Aron’s cousin, who he said at one point was using as much as $500 worth of heroin a day, died of an overdose about seven months ago the age of 38.

He added that of his group of about 15 high school friends who began using drugs years ago, five passed away over the past decade due to overdoses. They had all been shooting heroin, he said.

“But in the past, those that passed away from overdoses were not experienced, they didn’t know what was the dosage and they took more than they were supposed to,” Aron said.

“Now, people are dying because [drug dealers] put fentanyl in it,” he added. “It’s not just the dosage, it’s a poison. The drug is too strong, it’s deadly.”

Over the past three years, a rapid increase in the use of fentanyl — a cheaper synthetic opioid that is 50 to 100 times stronger than morphine — has been associated with the rise in overdose deaths. It is commonly mixed with other drugs, oftentimes without users even aware of it.

Last year, fentanyl was involved in 44 percent of all overdose deaths in the city, the Department of Health said.

The Isakbaevs, who came to the U.S. from Uzbekistan in 1993, when Boris was 5, said that they don’t know why he started taking opioids.

“Sometimes you think you have a perfect family — your kids are educated, you are successful, both parents are working, you do everything for the kids the way it’s supposed to be,” his mother said.

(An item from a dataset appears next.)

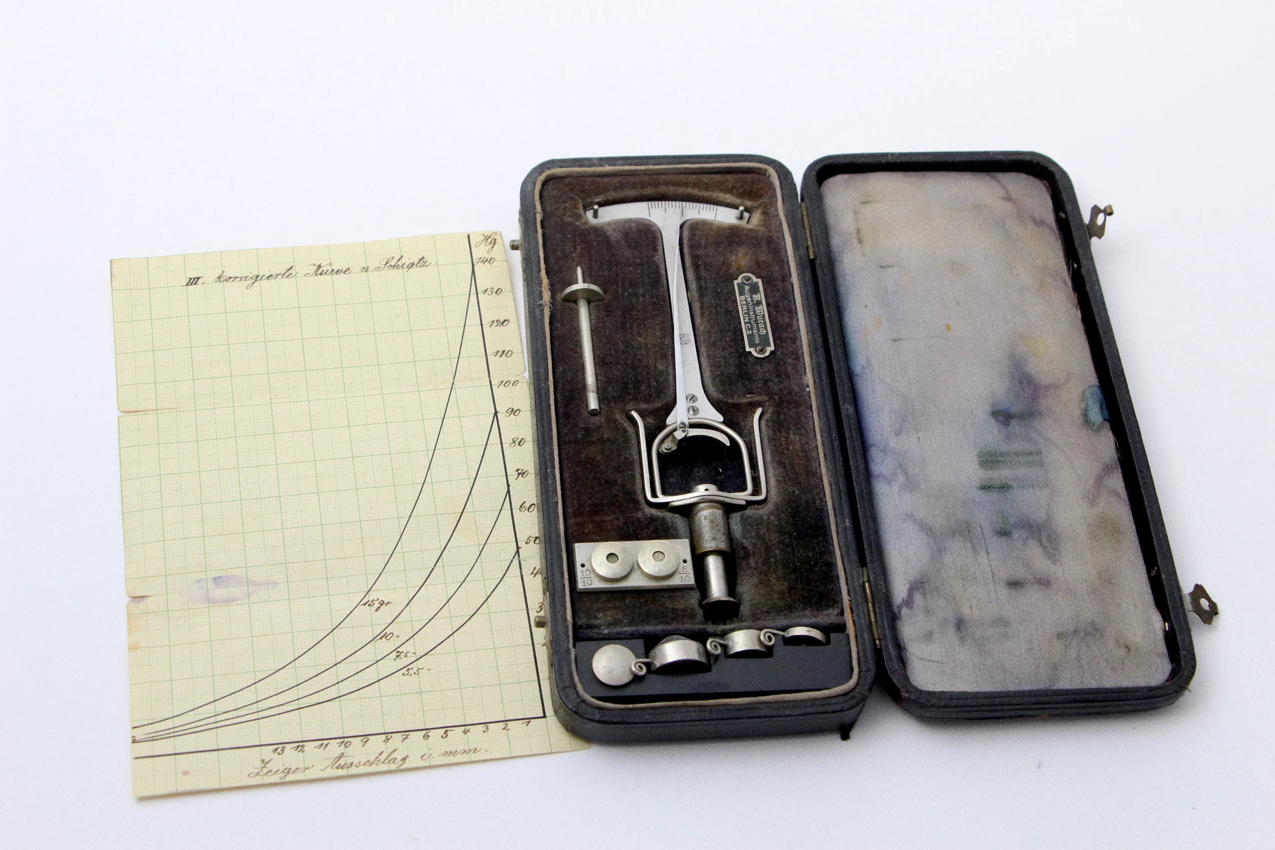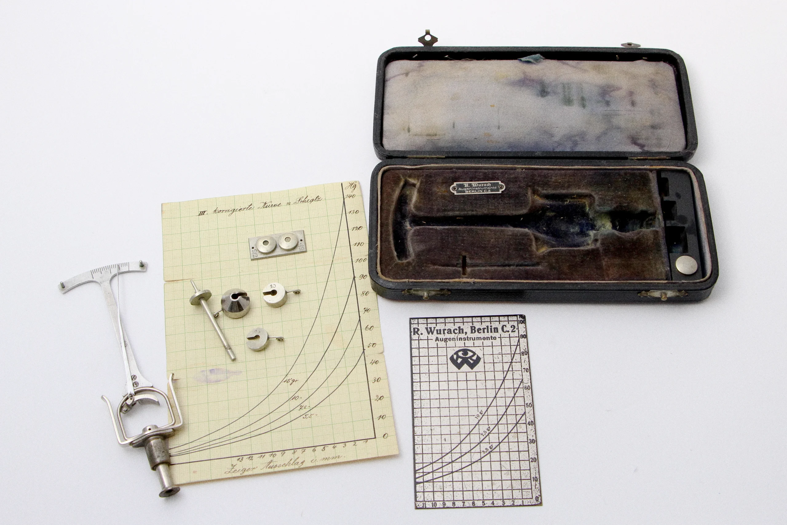 Tonómetro de Schiötz, Marca M. Durach de Berlín, en su estuche de madera, con pesas de 5,5, 7,5 y 10, dos discos de calibración y gráficas para la medida.

Boris once told her that “he felt good after taking these pills and couldn’t live without them,” she added.

Before he started using, he was a straight-A student with a gift for writing and dreams of becoming a doctor, his parents said.

He was accepted to LIU Brooklyn but never attended, later trying twice to take classes at York College, his mother said. But was never able to complete a semester.

“His mind was occupied with it constantly,” his mother said about his habit. “That’s why he couldn’t do anything else.”

Initially, Boris’s parents tried to be strict with their son, taking him for treatment twice. But each time he relapsed almost right away, they said.

To pay for drugs, he began stealing jewelry from their home. Later, they just started giving him money.

“[Addicts] need money all the time,” said his father, Ariel Isakbaev, 52. “I gave him a lot, because I didn’t want somebody to kill him or beat him for that.”

If they could turn back the clock, his parents said they would have sent Boris to another part of the country and never let him come back — because once addicts return to their old environment, “they begin using again,” his father said.

The Isakbaevs, who also have two daughters, said they are trying to learn “to live without him.”

“He taught us to be different with people we are close to,” his father said. “The big problem of all parents is an ego inside us — but all we have to do is to learn to hear our kids.”